My specific concerns are:
1) The Authentication Option is a SAFE option which means it may be
ignored by a receiver when present in a packet. I believe this is
inconsistent with other IETF Authentication protocols including IPv6
Auth Header and TCP authentication options where the rule is that if
the option is authentication is present it MUST be validated before
accepting the packet. The effect of this is that a sender might send
an authentication option which has no effect (other than costing the
sender CPU cycles to compute the HMAC and burning bits on the wire).
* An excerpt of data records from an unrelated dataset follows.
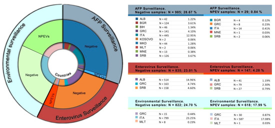 A total of 794 non-polio enteroviruses (NPEVs) were identified in samples collected through AFP, enterovirus and environmental surveillance. Most of the NPEVs were identified in Italy through environmental surveillance (N = 587; 17.08%) followed by those isolated in Albania (N = 41; 1.19%), Greece (N = 79; 2.30%), and Serbia (N = 27; 0.79%) during enterovirus surveillance activities. Fewer NPEVs were isolated in the context of AFP surveillance (Figure 3).
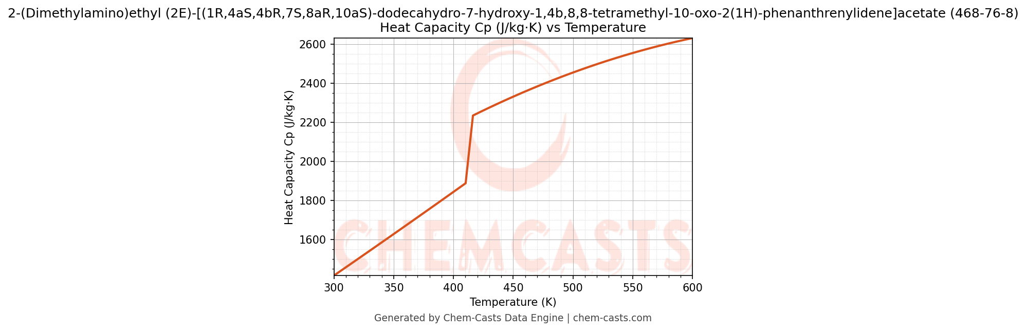 ![Heat Capacity (Cp) vs Temperature chart for 2-(Dimethylamino)ethyl (2E)-[(1R,4aS,4bR,7S,8aR,10aS)-dodecahydro-7-hydroxy-1,4b,8,8-tetramethyl-10-oxo-2(1H)-phenanthrenylidene]acetate (CAS 468-76-8)](https://chemcasts-prod.s3.ap-south-1.amazonaws.com/chem_plots_pconst/468-76-8-cp.png)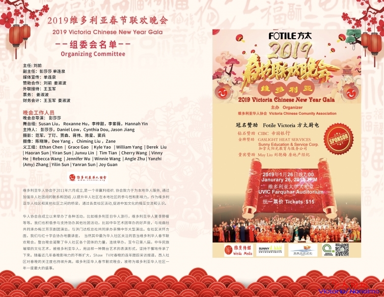 她是维多利亚华人最大的华人欢聚,是我们维多利亚全体华人的年夜饭,是凝聚我们维多利亚华人社团、艺术家、文艺爱好者的一场视听盛宴。  M5 z; f4 A. D, }7 o5 T2 f  C+ K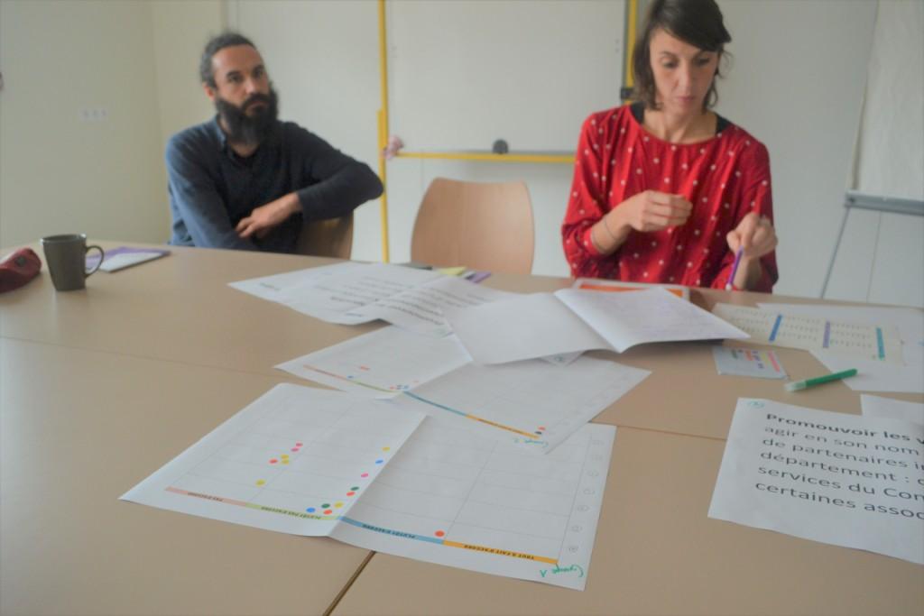 Des cases sont remplis des actions diverses sur des thèmes différents avec des partenaires indispensables pour les réaliser. On rempli en premier lieu un tableau individuellement, puis par groupe on en sélectionne deux sur 4 environ présentés. Enfin en groupes on en sélectionne 4 sur les 4 groupes présentés.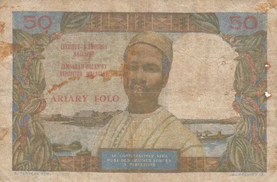 Banknote Madagascar 50 francs - Woman with hat - Ariary Folo - Serial A.10 - 1969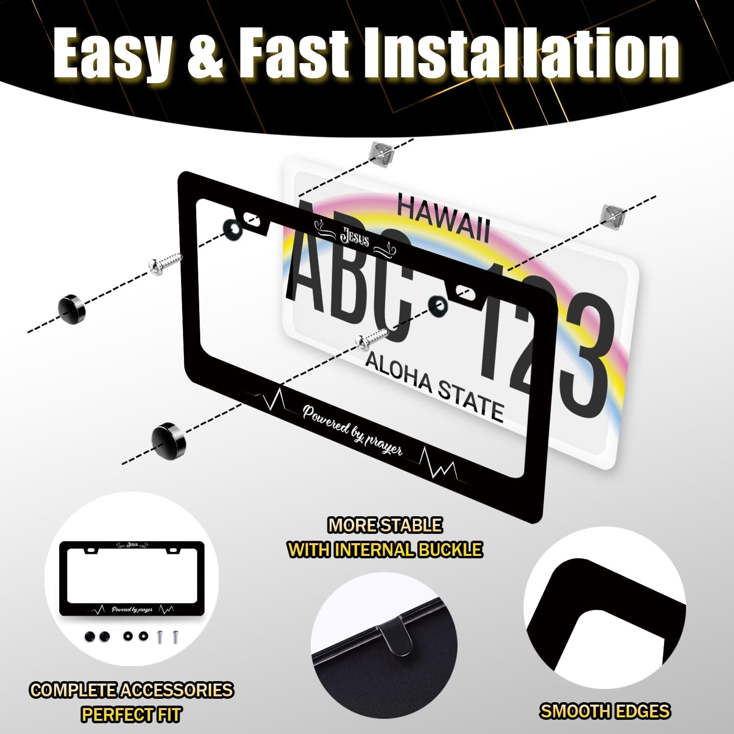 Jesus Cross License Plate Frame Funny Christian License Plate Holder Stainless Steel Religion Car Accessory Faith License Plate Decoration for Men Women Size 12.2" x 6.2" with Screws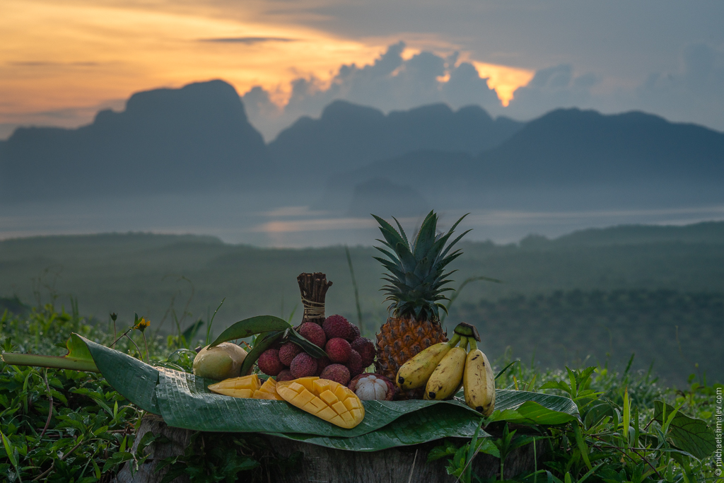 Накануне нашей перанаканской свадьбы мы решили отблагодарить богов природы за их щедрые дары: бархатную погоду, жаркое солнце, незабываемые рассветы и закаты и обилие безумно вкусных фруктов - всё то, чем столь богаты эти райские земли. К выбору подходящего места отнеслись ответственно: в первую очередь нам хотелось, чтобы это было относительно труднодоступная точка на карте, где-то на вершине горы. Безлюдная, чтобы поблизости не было никого кроме нас. Выбор пал на окрестности национального парка Phang-Nga в одноименной провинции. Там мы и гуляли целый день, изучая тропы, поднимаясь на живописные холмы пока, наконец, не нашли идеальное место.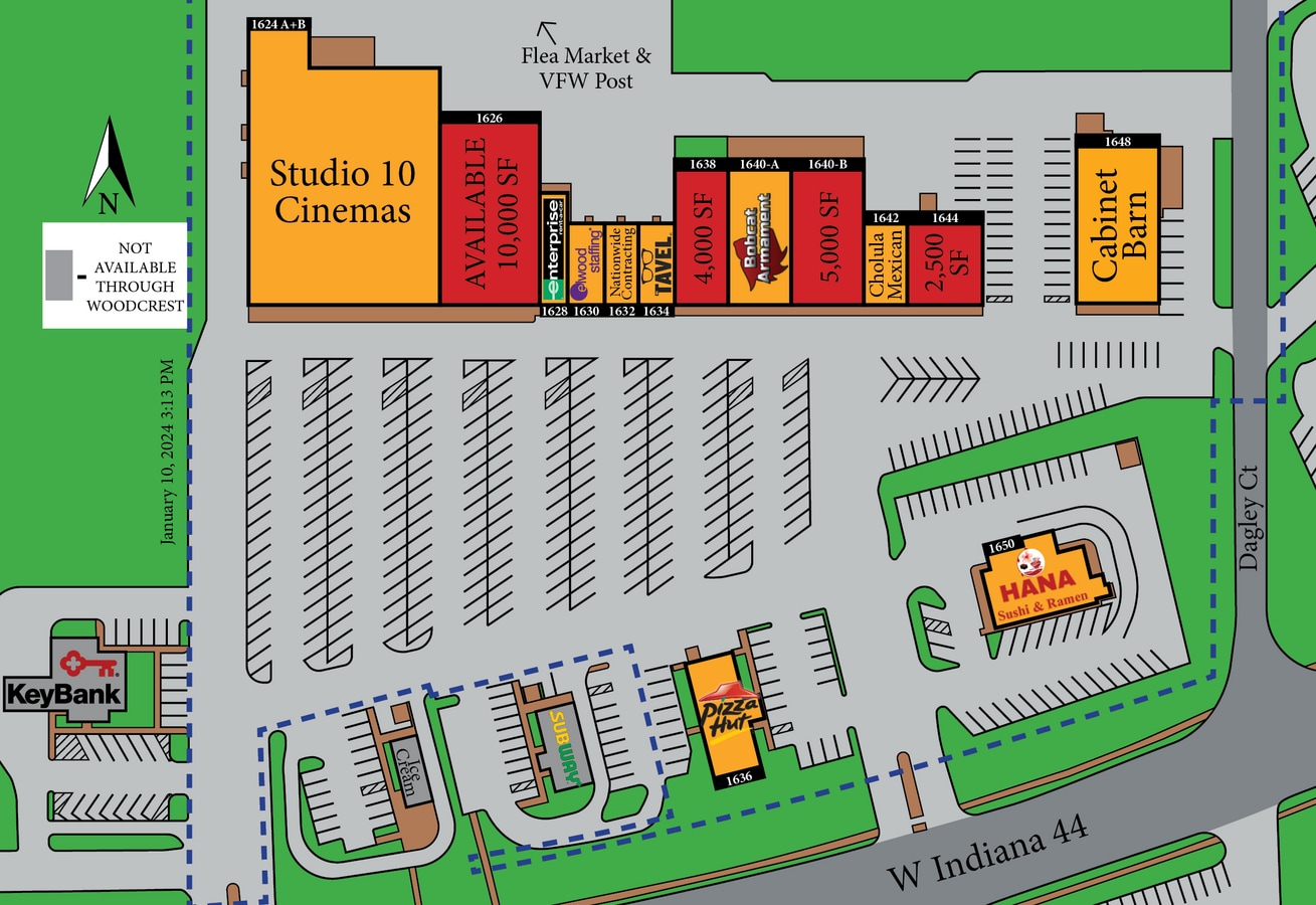 Junction Plaza, au 1624-1650 E State Road 44, est un centre commercial animé d'environ 74 000 pieds carrés situé à la périphérie de la région métropolitaine d'Indianapolis. Diverses suites d'une superficie en pieds carrés sont disponibles, prêtes à accueillir une variété d'utilisateurs, des devantures de magasins traditionnels et des restaurants aux bureaux pour les locataires de bureaux médicaux ou autres professionnels. Ancré par Studio 10 Cinemas et arborant une Pizza Hut, un restaurant japonais et un restaurant favori local, Cholula Mexican Restaurant, ce centre récemment acquis se trouve au cœur du quartier commercial desservant la région en pleine croissance de Shelbyville. Bien en vue sur l'Indiana State Highway 44 à Shelbyville, la propriété offre une visibilité incroyable et une connexion harmonieuse entre le centre-ville de Shelbyville et l'Interstate 74. Junction Plaza est facilement accessible par plusieurs points d'entrée et de sortie et offre un grand parking sur place à quelques pas de chaque devanture. Shelbyville est une communauté de banlieue confortable située à environ trente milles au sud-est d'Indianapolis, pleine de bâtiments historiques magnifiquement préservés, de quartiers pittoresque et d'un quartier vintage du centre-ville. Ce quartier animé offre aux résidents et aux visiteurs une vaste collection d'équipements et de commodités, le tout à portée de la plus grande ville de l'Indiana. Woodcrest Capital accueille les entreprises nouvellement créées et franchisées dans ses centres avec des contrats de location faciles à lire et des conditions souples tout en étant suffisamment sophistiqués pour plaire au plus grand des locataires de crédit nationaux. En tant qu'entreprise familiale avec plus de 40 ans d'expérience dans l'immobilier commercial, Woodcrest possède et exploite tout, des centres de classe A dans les quartiers les plus fréquentés aux centres en difficulté qu'elle réhabilite dans les communautés rurales en difficulté. Appelez dès aujourd'hui pour trouver le bon emplacement pour votre entreprise, car Woodcrest offre généralement de multiples possibilités de vente au détail dans la région immédiate.

Effectively, this is either a "false sense of security" or "best
effort security"
2) Even if the Authentication Option is recognized and processed, the
draft does not specify what the receiver is supposed to do if
authentication fails. The required behavior is that the packet should
be sent to the "user" who presumably could decide what to with a
packet with an authentication failure, but there is no guidance on
that. This is also inconsistent with IETF convention, in other
protocols the normal behavior is when authentication fails is to drop
the packet at that point
3) The description of the Authentication Option (section 11.9 of -38)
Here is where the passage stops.